5.  They give me a head start on screening books for my kids.

I try to write really thorough reviews of the middle-grade books that I read so I can remember any themes or content that I'll need to discuss with my kids when they eventually read these books.

All that to say, I love middle-grade, and give middle-grade a chance!  Middle Grade March is a good month to start.



Here is my reading list for Middle Grade March:

(Some affiliate links here.)

Pay Attention, Carter Jones and Lizzie And The Buckminster Boy by Gary D. Schmidt - I'm pretty much there for anything Schmidt writes after reading The Wednesday Wars.

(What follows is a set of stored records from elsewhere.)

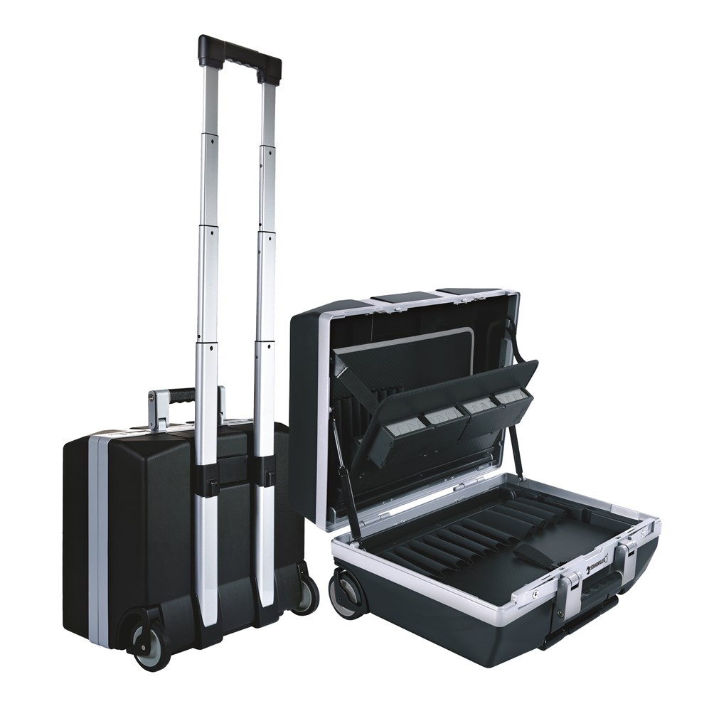 Contacteer onsRobuust en stijlvol design, drievoudige-frameconstructie uit gegoten aluminium, 3,5 mm ABS-buitenschaal, in het frame geïntegreerde scharnieren, rubberen wielen en vering, gasdrukcilinder maakt het openen en sluiten licht en veilig, aflopende hoeken tegen hoekschade, 4-traps trolley systeem 110 cm hoog, 2 uitneembare gereedschapsbladen, bodemafdekplaat en bodembak, afsluitbaar met 2 kantelsloten, 4 flexibele gereedschapshouders, 34 flexibele insteeklussen en documentenvak.
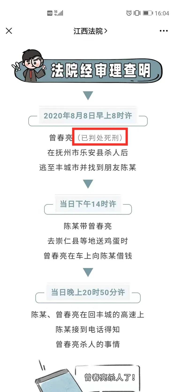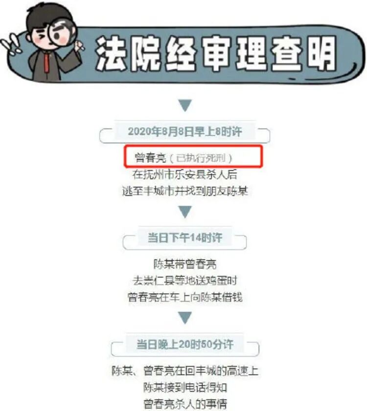 20日上午,江西高院微信公众号发布消息《帮曾春亮逃匿!江西一男子获刑!》,其中称曾春亮已被执行死刑。
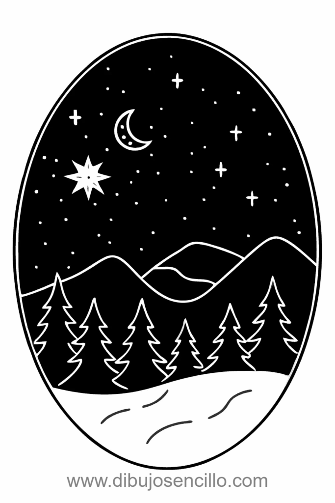 El estilo minimalista con siluetas hace que este paisaje nocturno sea atmosférico. Es excelente para practicar contraste dramático y crear escenas nocturnas místicas fácilmente.
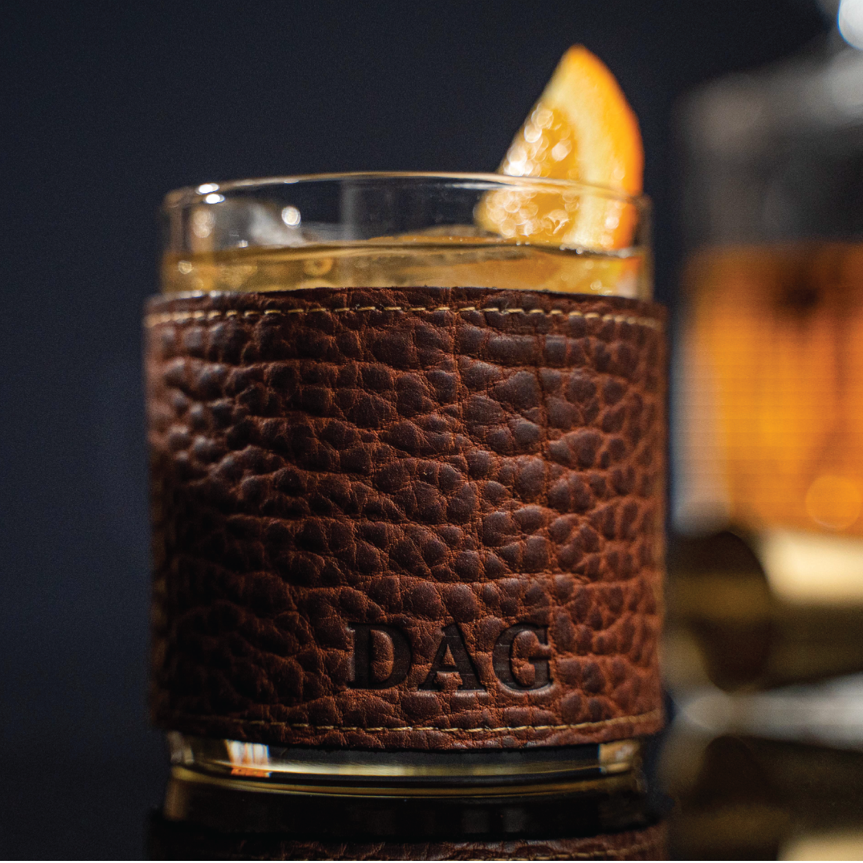 The Gentleman Rocks Glass & Sleeves ~ Shrunken Bison Leather - Set of Two Wraps & Glasses - Grooms Gift - Wedding Gift

Dead End In Norvelt by Jack Gantos - I heard this one was quirky and fun and had a Schmidt-like flair to it!

Louisianna's Way Home by Kate DiCamillo - I read Raymie Nightingale by Kate DiCamillo a couple years ago, and this book is about one of the side characters.

The Penderwicks by Jeanne Birdsall - Am I the only one who hasn't read this?  It feels like everyone has.

The Westing Game by Ellen Raskin - I heard this book is like the game of Clue, so I obviously have to read it.

Famous Mistakes: Nancy Drew Diaries by Carolyn Keene - I have an abiding love for anything Nancy Drew, so I obviously have to see what this new series is doing with her - they better not mess up Nancy!  I'm also reading this to screen for Gwen to potentially read it someday.

Sweep: A Story Of A Girl And Her Monster by Jonathan Auxier - I'm not really into books that have anything to do with monsters, but this is the read-along they are doing on Booktube for Middle Grade March, so I thought I'd give it a try.

Inside Out And Back Again by Thanhha Lai - The first book I'm ever going to attempt that is written in verse (also potentially my last?  I'm not sure about this).

One Crazy Summer by Rita Williams-Garcia - I bought this last year at a library sale and need to see what it's all about!


If I focus I think I can definitely get through all of these in March - I told you, middle grade books are quick reads!

Have you read any of these?  Do you read middle grade books as an adult?  What is your favorite middle grade book?